Home births vs. hospital births: What you need to know about both
Unless you’ve gone through it yourself, most people have preconceived notions about what it means to give birth.
A large population of women in Canada give birth at hospitals, but home births also make up a portion of deliveries in provinces like Ontario.
Nicole Bennett with Ryerson University’s midwifery education program in Toronto said it’s hard to pinpoint whether home births are getting more popular in the country, but research in Ontario has shown midwives are involved in 17 per cent of births in the province, and 20 per cent of those clients deliver out of hospitals.
“Midwives are taking care of more and more clients,” she told Global News. “Our client base is more diversified. Back when we started, during the re-emergence of midwifery care in the ’80s and ’90s, it grew out of the home birth movement.”
These days, she added, people from all walks of life are turning to midwives.
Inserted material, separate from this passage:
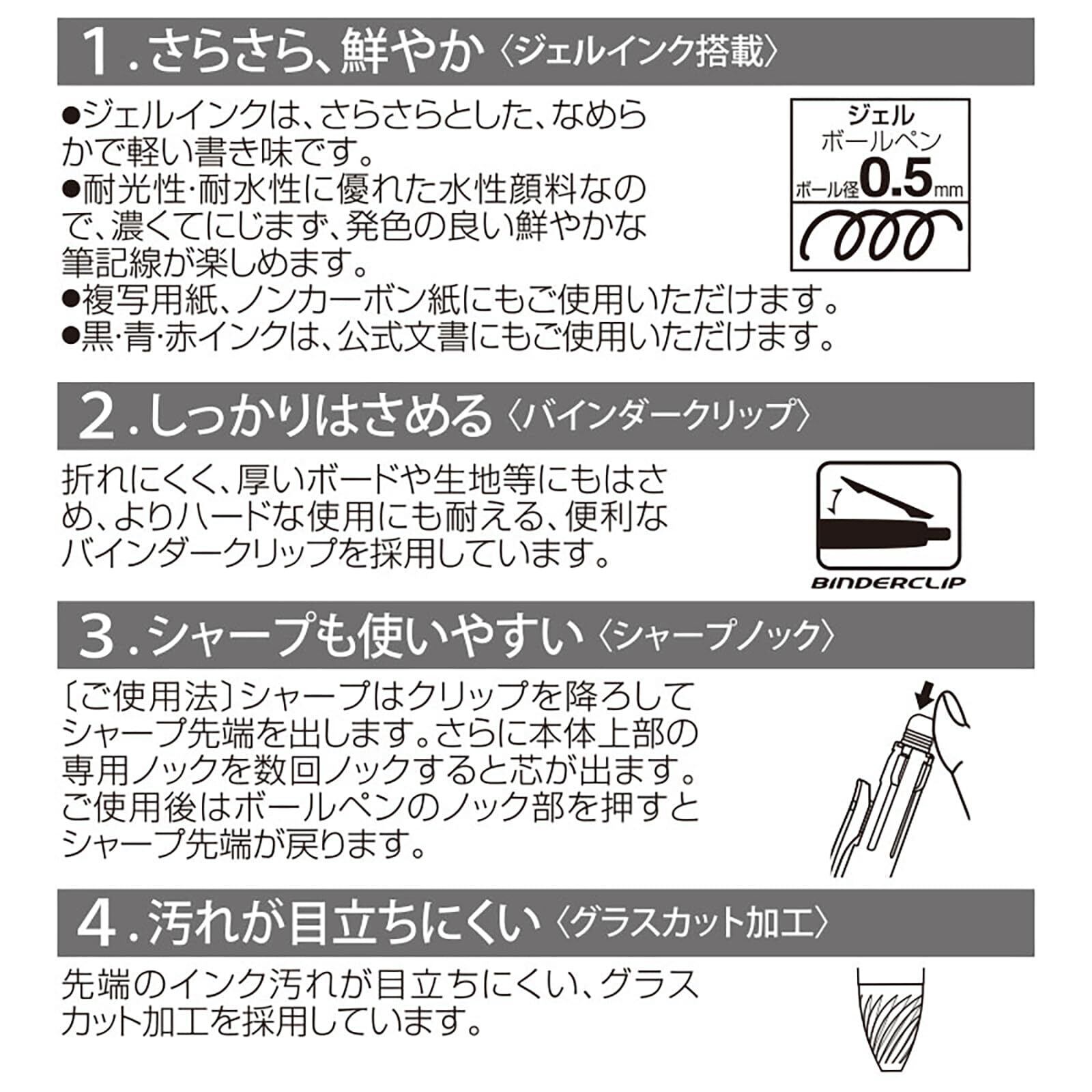 1本に4色のボールペンと、シャープペンの5機能を搭載。ボールペンはジェルインクで滑らかな書き心地。可動式バインダークリップは手帳やノートに挟みやすく、持ち歩きに便利。

“There are certainly more births happening out of hospital,” she continued, adding that in a given year, this can mean 4,000 babies born at home in Canada. This also includes birth at birthing centres, which are limited to only a few provinces.
The biggest differences
Bennett said the biggest difference between the two methods of birth is access to medication. At hospitals, people have access to certain types of pain relief medication like epidurals, which are not offered by midwives at home. They also have access to nurses, OBGYNs and other hospital staff who could assist with the birth.
For some women, the idea of being in a hospital feels safer, she added. In such a setting, anyone who is anxious or worried about how their birth will go has access to a full medical team who can handle any complications, such as performing a C-section.
Birth is also messy, and some people may not be into the idea of giving birth in such a personal space as their own home.
But for others, it’s the opposite. Bennett said people who have home births often feel safer or more comfortable in their own homes. Some women also don’t have access to a hospital nearby and a home birth is more feasible.
“Some people worry about [hospital] intervention,” she continued. “People have more control at home — who’s going to be there, control the environment… we are a guest at their place,” adding that home births don’t have to follow the protocols of a hospital.
One report from the International Journal of Women’s Health found that some women felt pressure to receive medication during hospital births or felt they weren’t being heard when discussing pain. Women who choose home births often don’t have these same pressures.
For others who choose home births, it can also be about recovery.
“If you have a baby [at home], we stay two to four hours after the birth and come back the next day… you don’t have to leave your home,” Bennett explained.
Previous studies — including this one from McMaster University in 2015 — have shown the risk of adverse birth outcomes is low for both home and hospital births.
Dr. Jeffrey Ecker previously wrote on the Harvard Health Blog that there isn’t enough data to gauge how safe a home birth is but added there should be more research in planned home births versus unplanned home births.
“Unplanned home births may include factors that make home birth look riskier than it may actually be (for example, birth due to unexpected emergencies or for women who have not had access to regular prenatal care),” he wrote.
“On the other hand, counting complicated deliveries that start at home but can’t be completed there as ‘hospital births’ might hide home birth risk.”
Both Ecker and Bennett note that home births are not for every excepting mother. For women who have a low-risk pregnancy, a planned home birth may not result in complications, but it’s recommended that women who fall under certain risk categories due to their family history, age, weight and so on speak with a doctor first.
“It is very individual,” Bennett said. “Most people [who] have normal, healthy pregnancies are candidates to deliver at home. If something happens and we need to transfer to a hospital, there is no urgency for it.”
A transfer can occur if there is a prolonged labour, if the mother wants medication or if there is another complication with the mother and the child.
Researchers in the McMaster study found that 75 per cent of women who planned a home birth were able to deliver at home, while 97 per cent of women who chose to go to hospital gave birth as planned.
At the end of the day, expecting mothers and their families should always speak with a health-care provider and, if they choose a home birth, make sure the midwife has proper credentials.